(SUPPLIED RECORDS begins)
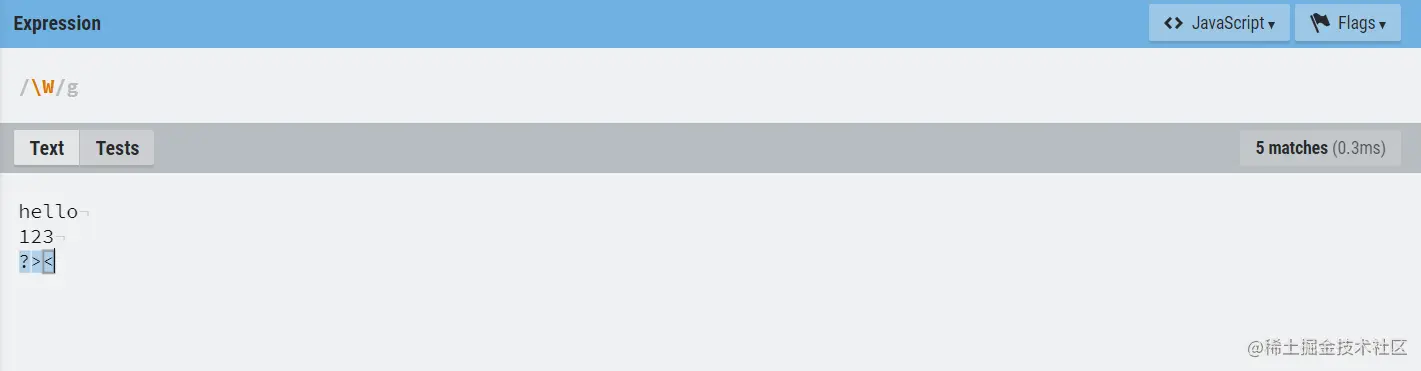 \W 匹配除数字和字母以及下划线以外的任意字符
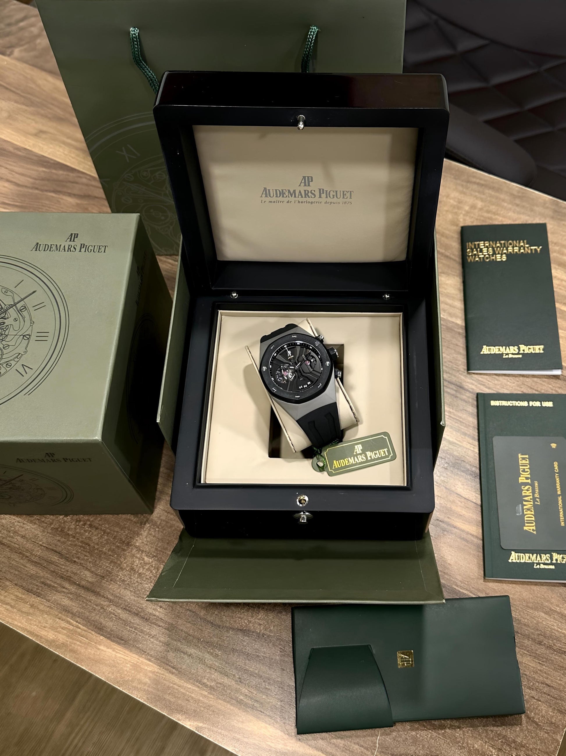 Brand: Audemars Piguet Model: Royal Oak Tourbillon Concept GMT Titanium and Black Ceramic Number - 26560IO.OO.D002CA.01
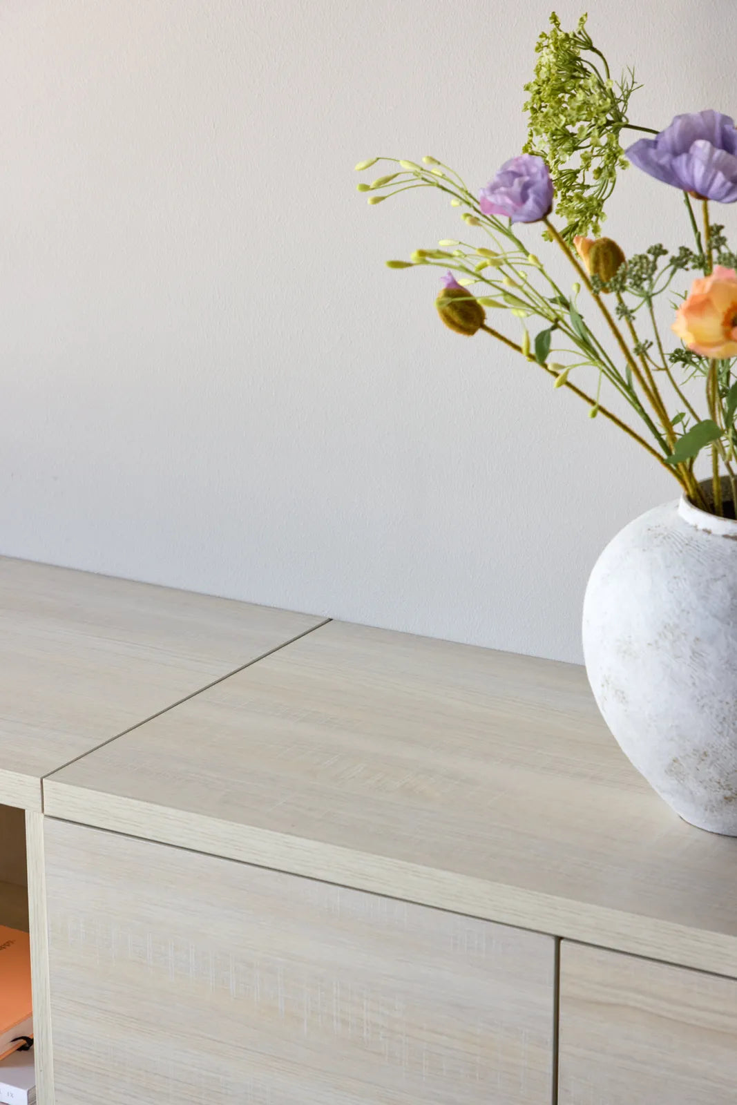 Nomi ist eine moderne TV-Bank mit einem wunderschönen, hell weißgewaschenen Finish, das im Raum einen klaren und harmonischen Eindruck hinterlässt. Das durchdachte Design vereint Funktion mit Form – perfekt für das stilbewusste Zuhause.
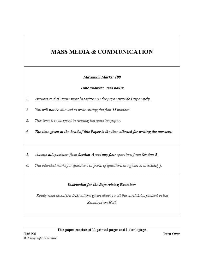 The complete Mass Media and Communication question paper of last year is as follows. However you may find more ICSE question paper pdf download link below.
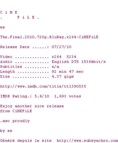 Voir le nfo de la release The.Final.2010.720p.BluRay.x264-CiNEFiLE
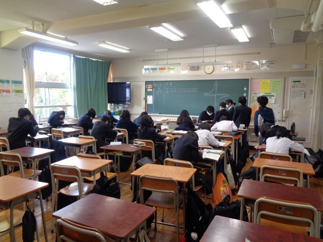 本日も学校公開中です。ぜひ来校して授業をご覧ください。1校時の1年生の授業は、反比例のグラフはどのようになるか(数学・写真付き)、武士の生活(社会)です。
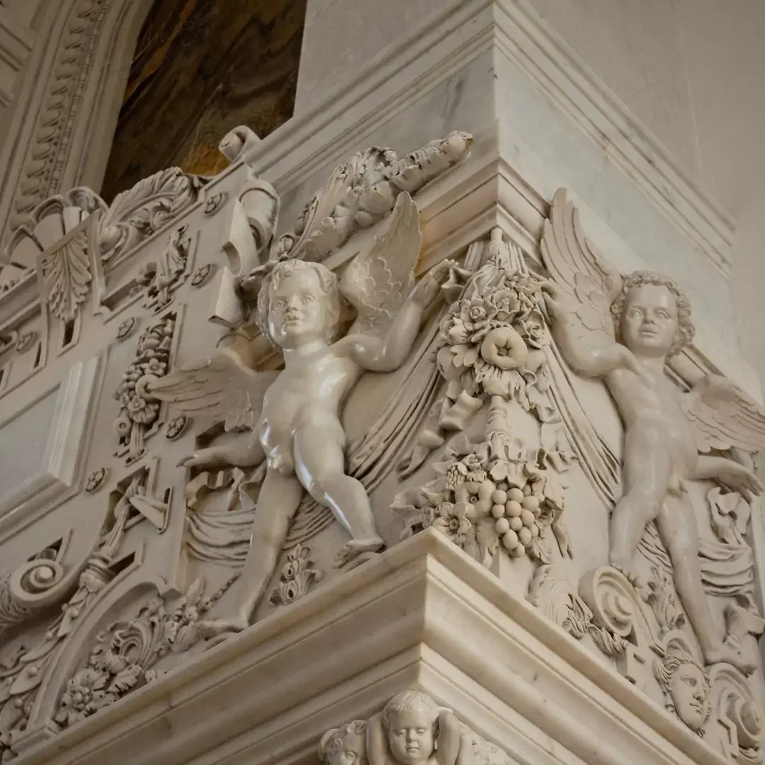 Статуї та фігури: Повнооб’ємні елементи, такі як атланти (чоловічі фігури, що підтримують конструкції) чи каріатиди (жіночі аналоги). Вони часто використовуються в колонах чи порталах.
(SUPPLIED RECORDS ends)
EXERCISE DETAILS:
Output the lines above in full and exactly as given, omitting any pictures.

ANSWER SECTION:
 \W 匹配除数字和字母以及下划线以外的任意字符
 Brand: Audemars Piguet Model: Royal Oak Tourbillon Concept GMT Titanium and Black Ceramic Number - 26560IO.OO.D002CA.01
 Nomi ist eine moderne TV-Bank mit einem wunderschönen, hell weißgewaschenen Finish, das im Raum einen klaren und harmonischen Eindruck hinterlässt. Das durchdachte Design vereint Funktion mit Form – perfekt für das stilbewusste Zuhause.
 The complete Mass Media and Communication question paper of last year is as follows. However you may find more ICSE question paper pdf download link below.
 Voir le nfo de la release The.Final.2010.720p.BluRay.x264-CiNEFiLE
 本日も学校公開中です。ぜひ来校して授業をご覧ください。1校時の1年生の授業は、反比例のグラフはどのようになるか(数学・写真付き)、武士の生活(社会)です。
 Статуї та фігури: Повнооб’ємні елементи, такі як атланти (чоловічі фігури, що підтримують конструкції) чи каріатиди (жіночі аналоги). Вони часто використовуються в колонах чи порталах.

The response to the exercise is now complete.